Nashville Business Journal by Chris Silva, Staff Reporter
BioMimetic Therapeutics Inc. (Nasdaq: BMTI) has cut a quarter of its workforce in an effort to retain cash as it continues to work toward approval of its bone graft device, Augment, from the Food and Drug Administration.
BioMimetic, which has 75 employees, revealed the reductions in a Jan. 20 filing with the Securities and Exchange Commission. The company said the move would generate annual savings of approximately $2.5 million, primarily from savings in employee salaries and benefits.
BioMimetic also said a decision was made to “scale back” clinical program work on Augment as it continues to work with the FDA.
The Nashville-based biotechnology company was dealt a setback earlier this month when the FDA said a final decision on its premarket approval application for Augment was being delayed.
Augment is BioMimetic’s flagship product, and while it has gained approval for use in Canada and Australia, the potentially lucrative U.S. market has eluded the company. BioMimetic had hoped for FDA approval of Augment by the end of 2011.

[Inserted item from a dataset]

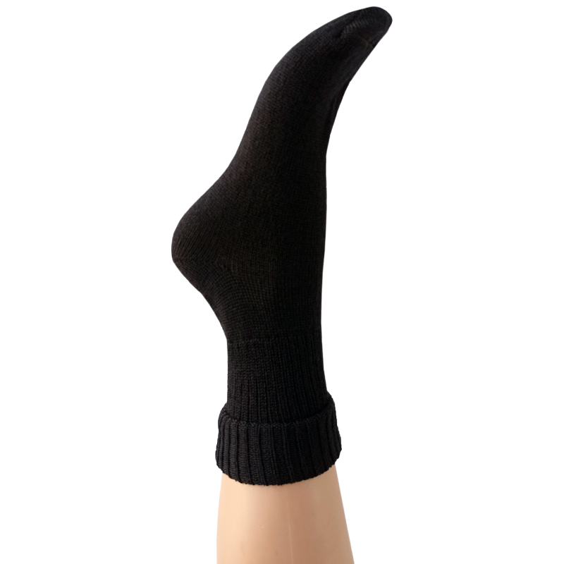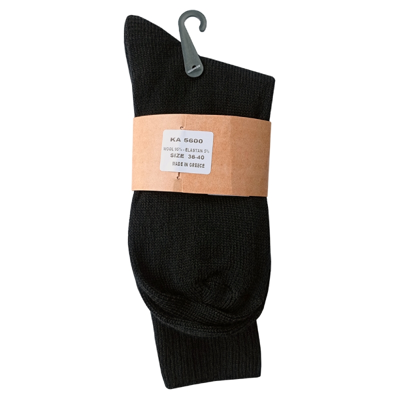 bs 5/5600 Ισοθερμική Λεπτή Κάλτσα Μαύρη 95% Μαλλί 5% Ελαστάν ( ΤΟ ΝΗΜΑ ΕΙΝΑΙ 100% ΜΑΛΛΙ - MERINOS ). Έχει απαλό λάστιχο. Είναι ισοθερμικές κάλτσες από μαλλί Merinos. Το Merinos είναι μια ράτσα προβάτων, που χαρακτηρίζεται από πολύ λεπτό και μαλακό μαλλί. Το μαλλί Μερινός είναι ένα καλά διαπνέον υλικό, το χαρακτηριστικό αυτό, του δίνει τη δυνατότητα να εξατμίζει γρήγορα την υγρασία από το σώμα μας. Επίσης δημιουργεί στο σώμα μικροκλίμα, το οποίο εμποδίζει την ταχεία διείσδυση των εξωτερικών κλιματικών συνθηκών στο δέρμα όπως το κρύο ή την ζέστη. Το μαλλί απορροφάει την υγρασία από το σώμα μας, μέχρι και 30% του βάρους του, χωρίς να αισθανόμαστε υγρασία ή κρύο όταν το φοράμε και ενώ έχει απορροφήσει πλήρως την υγρασία, παραμένει στεγνό στην αφή, χωρίς να χάνει τίποτα από την θερμορυθμιστική του ικανότητα. Και τέλος είναι Αντιβακτηριδιακό, Αντι-αλλεργικό, και μας παρέχει προστασία από την UV ακτινοβολία.

In the SEC filing, BioMimetic said, “Given the company’s desire … (to) conserve resources until there is further clarity from the FDA regarding Augment, the company has decided to scale back the progress of its Augment injectable bone graft clinical program.”
BioMimetic now hopes to see Augment approved 15 to 24 months from now, as we recently explored for print subscribers, and still stands by that time frame.
"While awaiting the final response from the FDA ... we thoroughly assessed our cost structure and made the difficult decision to reduce our workforce and certain other expenditures," said Kearstin Patterson, a BioMimetic spokesperson, in an email. "While this type of action is always difficult, we believe it will provide us with the best opportunity for long-term success and establishes the best foundation for building stockholder value. We remain dedicated to prudently managing our financial resources while we’re working with the FDA to gain approval of Augment."